=== THE TASK ===
In the records below, find the line that contains "Una joven resultó" and the line that contains "最後に、みんなや家族の方、学校の友達で折った鶴を慰霊碑に捧げました。"; write out exactly those two lines and everything between them, without the pictures.

=== DATA FOR REVIEW ===
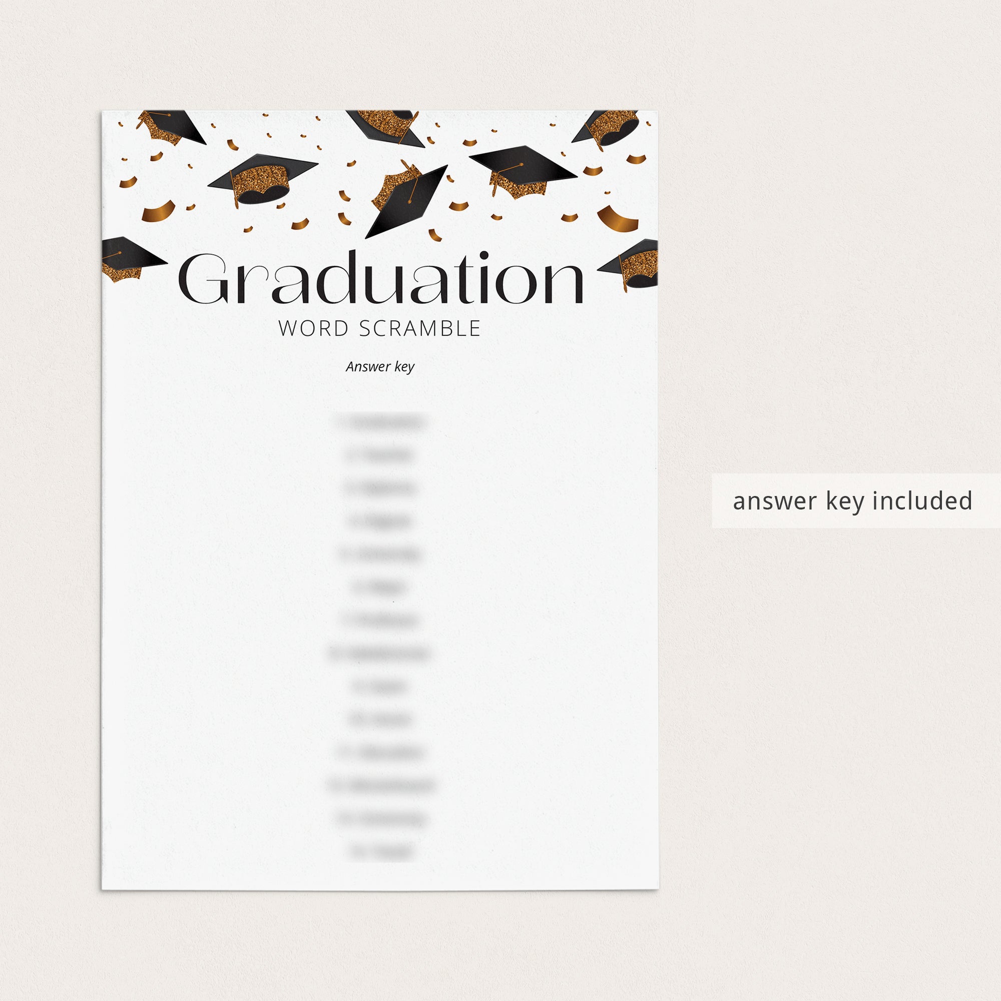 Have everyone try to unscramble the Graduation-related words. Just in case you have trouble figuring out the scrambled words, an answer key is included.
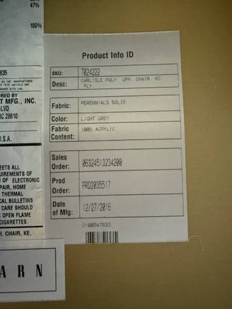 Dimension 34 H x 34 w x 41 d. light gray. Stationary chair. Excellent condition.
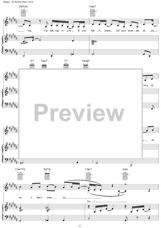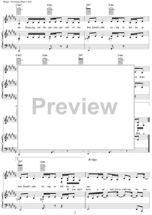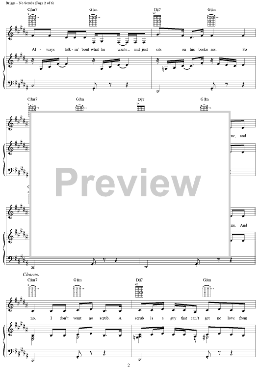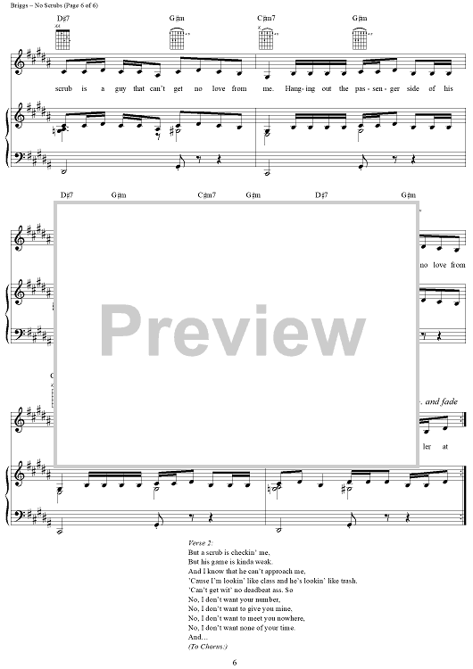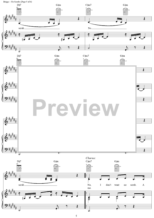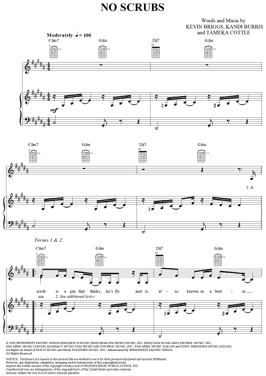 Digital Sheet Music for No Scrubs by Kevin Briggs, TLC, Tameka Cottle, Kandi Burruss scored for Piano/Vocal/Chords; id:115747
==
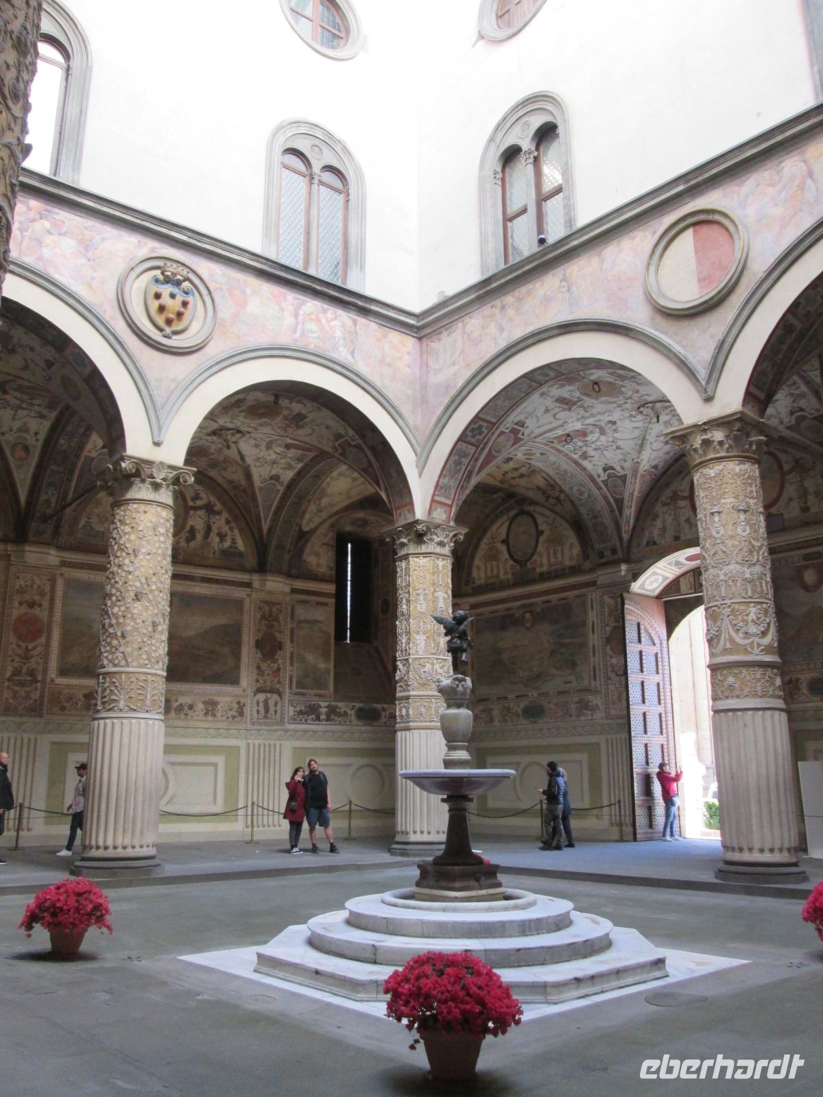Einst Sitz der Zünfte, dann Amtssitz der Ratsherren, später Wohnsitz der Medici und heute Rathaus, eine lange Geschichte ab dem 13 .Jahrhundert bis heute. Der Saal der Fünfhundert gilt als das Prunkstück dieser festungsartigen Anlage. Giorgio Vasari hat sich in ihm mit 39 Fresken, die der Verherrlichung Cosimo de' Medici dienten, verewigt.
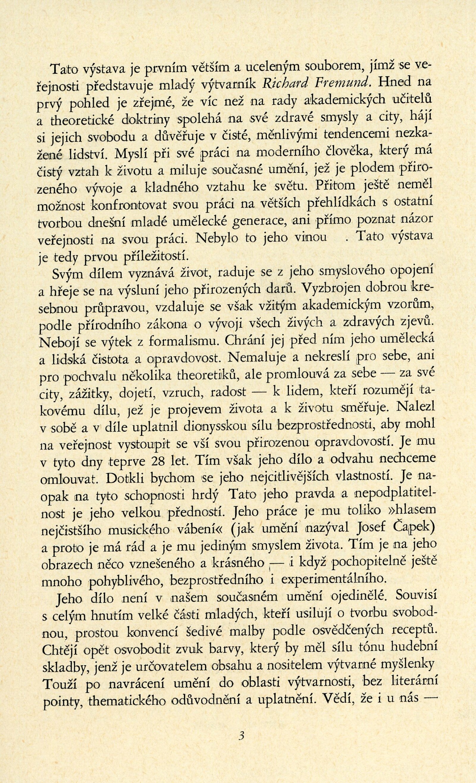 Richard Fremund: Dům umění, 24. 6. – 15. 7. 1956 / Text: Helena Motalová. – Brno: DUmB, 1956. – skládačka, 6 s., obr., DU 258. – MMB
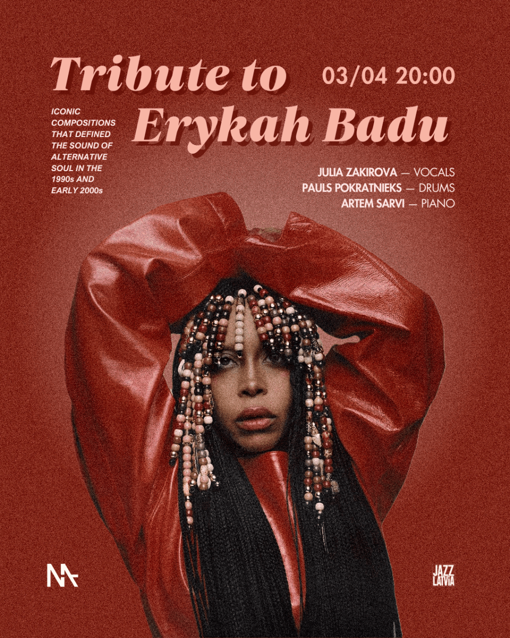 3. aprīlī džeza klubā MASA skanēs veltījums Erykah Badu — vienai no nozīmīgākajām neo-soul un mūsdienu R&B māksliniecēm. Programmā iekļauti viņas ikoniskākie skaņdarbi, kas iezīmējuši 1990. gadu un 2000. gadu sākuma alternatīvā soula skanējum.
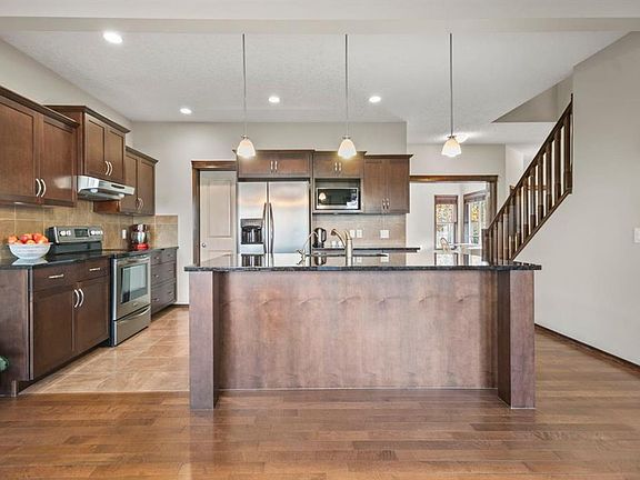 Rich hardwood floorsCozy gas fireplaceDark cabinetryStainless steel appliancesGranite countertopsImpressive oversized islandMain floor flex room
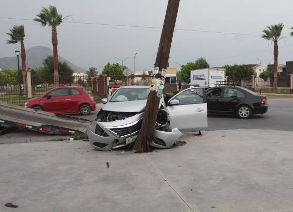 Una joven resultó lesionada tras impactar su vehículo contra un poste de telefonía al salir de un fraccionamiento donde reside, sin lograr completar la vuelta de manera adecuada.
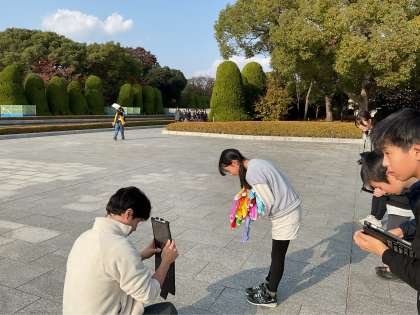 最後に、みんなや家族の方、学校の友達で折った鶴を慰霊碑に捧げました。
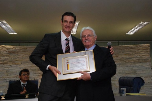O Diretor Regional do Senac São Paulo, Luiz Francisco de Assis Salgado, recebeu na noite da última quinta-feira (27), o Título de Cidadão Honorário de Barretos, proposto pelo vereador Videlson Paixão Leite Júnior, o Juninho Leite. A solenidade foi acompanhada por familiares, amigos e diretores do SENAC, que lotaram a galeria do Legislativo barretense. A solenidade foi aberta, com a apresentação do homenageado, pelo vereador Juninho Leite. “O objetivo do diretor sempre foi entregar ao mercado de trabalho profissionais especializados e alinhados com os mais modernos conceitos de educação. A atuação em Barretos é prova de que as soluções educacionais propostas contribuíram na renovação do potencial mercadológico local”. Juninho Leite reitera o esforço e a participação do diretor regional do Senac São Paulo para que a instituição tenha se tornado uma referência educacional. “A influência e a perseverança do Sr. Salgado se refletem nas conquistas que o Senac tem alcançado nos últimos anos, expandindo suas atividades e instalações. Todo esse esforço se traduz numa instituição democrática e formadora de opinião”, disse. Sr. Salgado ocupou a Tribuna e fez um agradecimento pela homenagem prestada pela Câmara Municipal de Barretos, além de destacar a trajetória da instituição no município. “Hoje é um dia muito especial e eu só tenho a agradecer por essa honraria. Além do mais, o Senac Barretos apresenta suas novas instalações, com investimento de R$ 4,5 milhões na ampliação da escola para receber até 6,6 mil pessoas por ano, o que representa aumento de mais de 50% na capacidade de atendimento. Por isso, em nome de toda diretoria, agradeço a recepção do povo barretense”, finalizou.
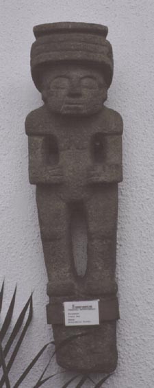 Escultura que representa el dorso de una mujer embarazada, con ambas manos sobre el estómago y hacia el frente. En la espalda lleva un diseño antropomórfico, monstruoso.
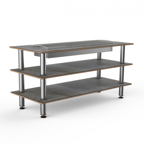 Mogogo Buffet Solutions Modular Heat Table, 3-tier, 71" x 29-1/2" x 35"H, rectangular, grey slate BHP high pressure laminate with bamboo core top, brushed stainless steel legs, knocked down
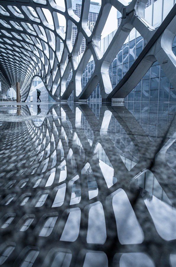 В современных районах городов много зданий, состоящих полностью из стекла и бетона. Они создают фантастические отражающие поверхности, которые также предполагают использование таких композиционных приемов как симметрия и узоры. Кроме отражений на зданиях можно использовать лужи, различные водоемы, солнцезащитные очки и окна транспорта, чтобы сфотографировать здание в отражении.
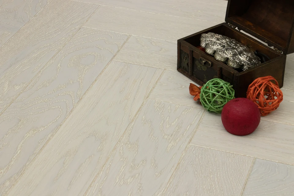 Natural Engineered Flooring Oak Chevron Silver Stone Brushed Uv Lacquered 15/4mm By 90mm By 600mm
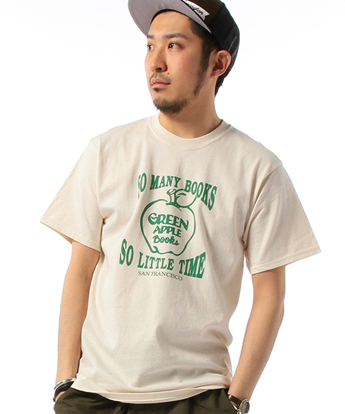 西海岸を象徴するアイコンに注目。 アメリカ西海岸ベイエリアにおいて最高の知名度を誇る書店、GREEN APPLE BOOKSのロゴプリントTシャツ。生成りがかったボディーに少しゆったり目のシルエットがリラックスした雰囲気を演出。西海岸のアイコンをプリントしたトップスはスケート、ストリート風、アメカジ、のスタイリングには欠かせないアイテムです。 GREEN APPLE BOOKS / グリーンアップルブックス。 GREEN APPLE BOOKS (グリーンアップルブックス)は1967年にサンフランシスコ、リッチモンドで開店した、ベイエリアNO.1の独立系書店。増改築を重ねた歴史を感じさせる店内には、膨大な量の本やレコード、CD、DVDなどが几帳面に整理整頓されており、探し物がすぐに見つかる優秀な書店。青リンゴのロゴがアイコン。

=== ANSWER BELOW ===
 Una joven resultó lesionada tras impactar su vehículo contra un poste de telefonía al salir de un fraccionamiento donde reside, sin lograr completar la vuelta de manera adecuada.
 最後に、みんなや家族の方、学校の友達で折った鶴を慰霊碑に捧げました。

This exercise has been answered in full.